COVARDIA HUMANA

Ele é um menininho magrinho, mirradinho, parece um ciganinho:moreninho, cabelos lisinhos... inho, inho, inho: Ele é o ‘Vitinho”.

Mas nesse mundinho de inhos dele, existem muitos ões ou ães ou âos. Ele tem irmãos, sente solidão, sua casa é um barracão e nela não têm anciões, nem mãe...

É meu aluno, senta na primeira carteira, uma criança esperta, inteligente. Quando vou falar que o substantivo é primitivo ele já me conta logo alguns de seus derivados, uma graça! Quase sempre fecha o bimestre e, em Língua Portuguesa isso não é tããão comum, mas ele consegue.

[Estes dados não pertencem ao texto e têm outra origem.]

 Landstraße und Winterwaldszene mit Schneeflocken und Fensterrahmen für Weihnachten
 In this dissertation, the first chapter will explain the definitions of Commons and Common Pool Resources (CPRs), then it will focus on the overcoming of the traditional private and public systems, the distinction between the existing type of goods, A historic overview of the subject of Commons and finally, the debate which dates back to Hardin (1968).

Um dia, me deu vontade de chorar. Para esses meninos em transição de infância a adolescência o bullying é cotidiano, infelizmente. Um de seus colegas disse: “O Vítor está fedendo!”. Eu estava de costas, passando uma matéria no quadro, quando até parei de escrever na lousa. Fiquei inerte, chocada. Queria sair da sala e chorar escondido deles mas, não podia. Tomei as dores de Vitinho para mim, ou melhor, como se fosse um filho meu. Virei-me e perguntei ao colega ofensor: Você sabe o porquê dele estar cheirando mal? Você sabe o que aconteceu hoje na vida dele antes dele vir para a escola? O outro respondeu cabisbaixo: não! Eu não falei mais nada e a turma toda se calou também.

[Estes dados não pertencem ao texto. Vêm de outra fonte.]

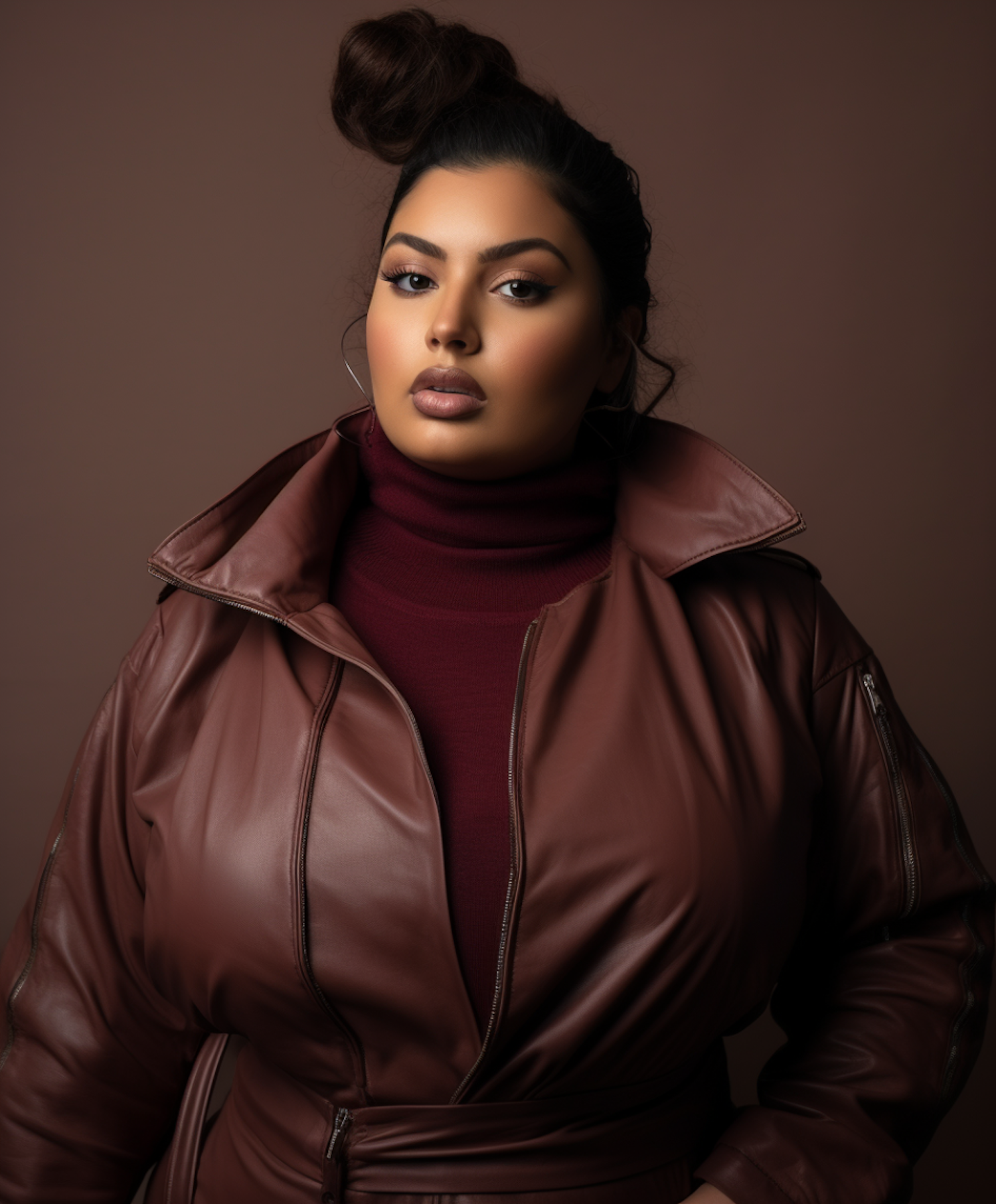 Confident woman in brown leather jacket and burgundy turtleneck against a warm brown background, exuding elegance and style.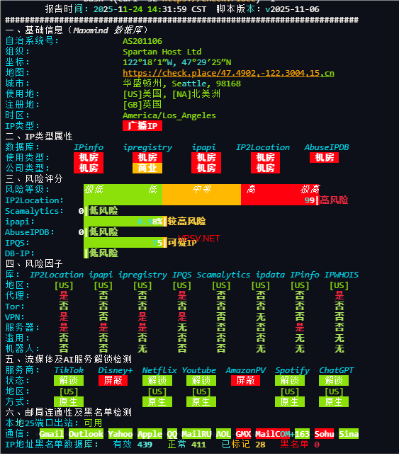 IPV4 位置 : Seattle / Washington / US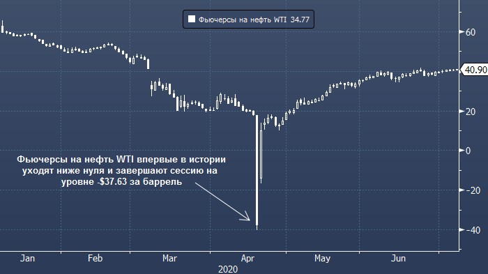 В ту сессию торги на NYMEX завершились на отметке $37.63 за баррель, и на следующий день Мосбиржа приостановила торги этим инструментом и приняла решение исполнить майский фьючерс на нефть WTI по цене его исполнения на NYMEX.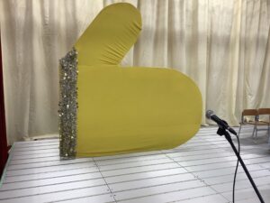 舞台には、大きな手ぶくろが置いてあります。寒さに震える動物たちが次々と手ぶくろの温もりを求めてやってきます。かえる、うさぎ、ねずみ、きつね、いのししなどがやってきます。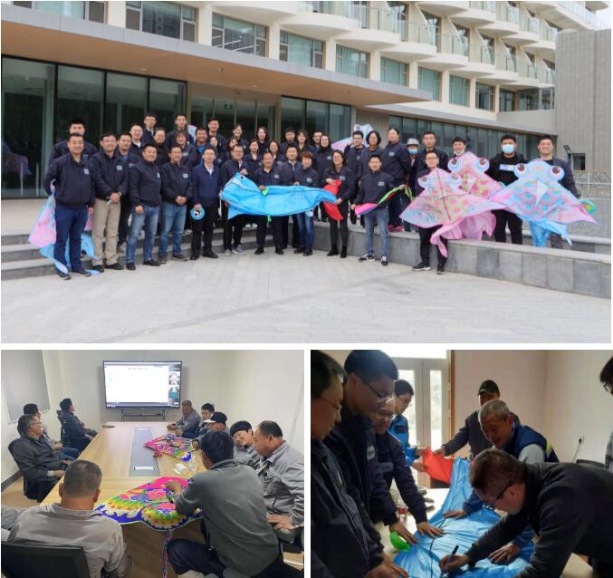 隨后,三基地員工共同在預備的風箏上寫下對公司未來的希冀與祝福,共同在海邊放飛“經海深藍夢想”。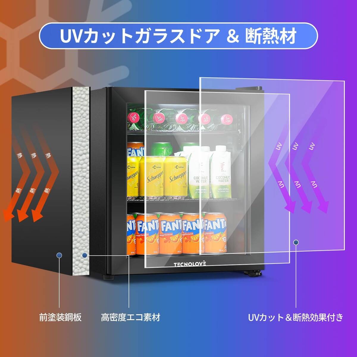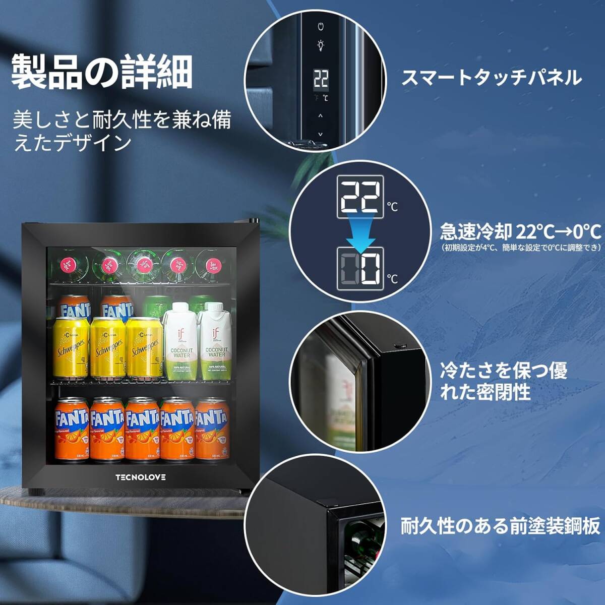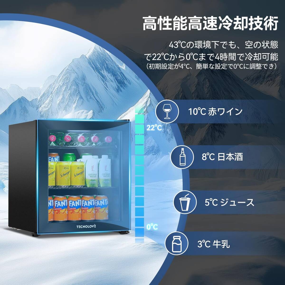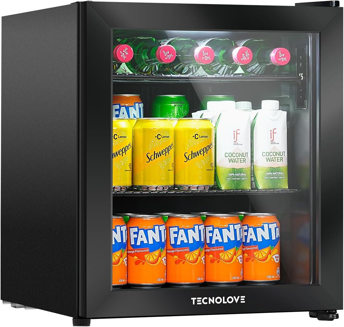 ブラック色 Tecnolove タッチパネル調温 冷蔵庫 46L コンプレッサー式 0~22℃ ドリンク用 直冷式 幅43㎝ 自動霜取り 左右開き

Na verdade, eu jamais deveria contar à turma o que se passa na vida de Vitinho, mas eu sei o que se passa. Apesar de estarmos em uma cidade promissora, com boas oportunidades de vida, nem todos tem seu lugar ao sol e, esse é o caso desse garoto.

Ele cuida do irmãos mais novo, perdeu a mãe quando esse irmãozinho nasceu, mora em um barraco, faz comida para todos, pois o pai é alcoólatra, não tem avós por perto para o ajudarem a cuidar de tudo. E ainda assim, com apenas 11 anos é o primeiro da classe. Um verdadeiro guerreiro diante da vida, ignora a covardia humana, em pleno conflito de identidade e de inúmeras oportunidades de cair na marginalidade, ele preferiu escolher o melhor caminho.

Ah! E ainda esqueci-me de dizer: ele anda à pé 5 quilômetros todo dia para chegar até à escola. Não tem jeito mesmo de chegar cheiroso nem depois de um bom banho, debaixo desse sol intenso. Coisas da vida. Só queria não presenciar mais esse tipo de hostilidade.